**MATERIAL PROVIDED:**
------

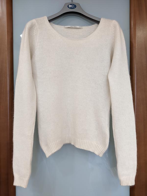 тоненький тепленький свитер молочного цвета, длина 56 см, плечи 36 см, рукав 65 см, ширина между подмышками 44 см, ширина 40 см.
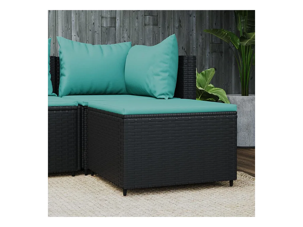Repose-pieds de jardin avec coussins 2 pcs noir résine tressée
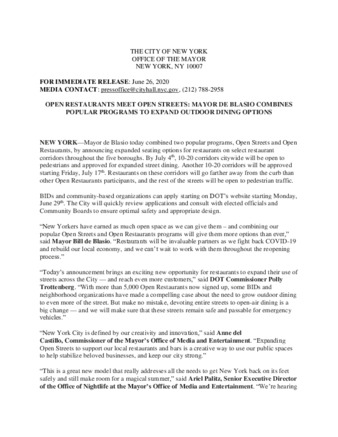 Mayor's Press Release: OPEN RESTAURANTS MEET OPEN STREETS: MAYOR DE BLASIO COMBINES POPULAR PROGRAMS TO EXPAND OUTDOOR DINING OPTIONS
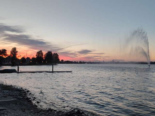 The Fischerhaus campsite in Kreuzlingen is located directly on Lake Constance. Spacious new sanitary facilities, a barbecue pavilion and the renaturalised stream flowing through the middle of the site are sure to delight campers. For guests without a tent or camper, there are affordable rooms and five colourful "fishermen's houses". The latter impress with their stylish, pragmatic furnishings for up to four people. A central playground and the proximity to Lake Constance and the Hörnli outdoor pool - admission included - also make holidays at Camping Fischerhaus a great family experience. The level site is barrier-free and easily accessible for pushchairs or visitors with disabilities. Kreuzlingen can be reached within twenty minutes on foot through a picturesque riverside park. This is the starting point for culture vultures and night owls.

------

**WORK REQUIRED:** Give back the exact lines above, running from the one that has "Repose-pieds de jardin" through the one that has "Mayor's Press Release: OPEN", with nothing added and no pictures.

**EXERCISE ANSWER:**
Repose-pieds de jardin avec coussins 2 pcs noir résine tressée
 Mayor's Press Release: OPEN RESTAURANTS MEET OPEN STREETS: MAYOR DE BLASIO COMBINES POPULAR PROGRAMS TO EXPAND OUTDOOR DINING OPTIONS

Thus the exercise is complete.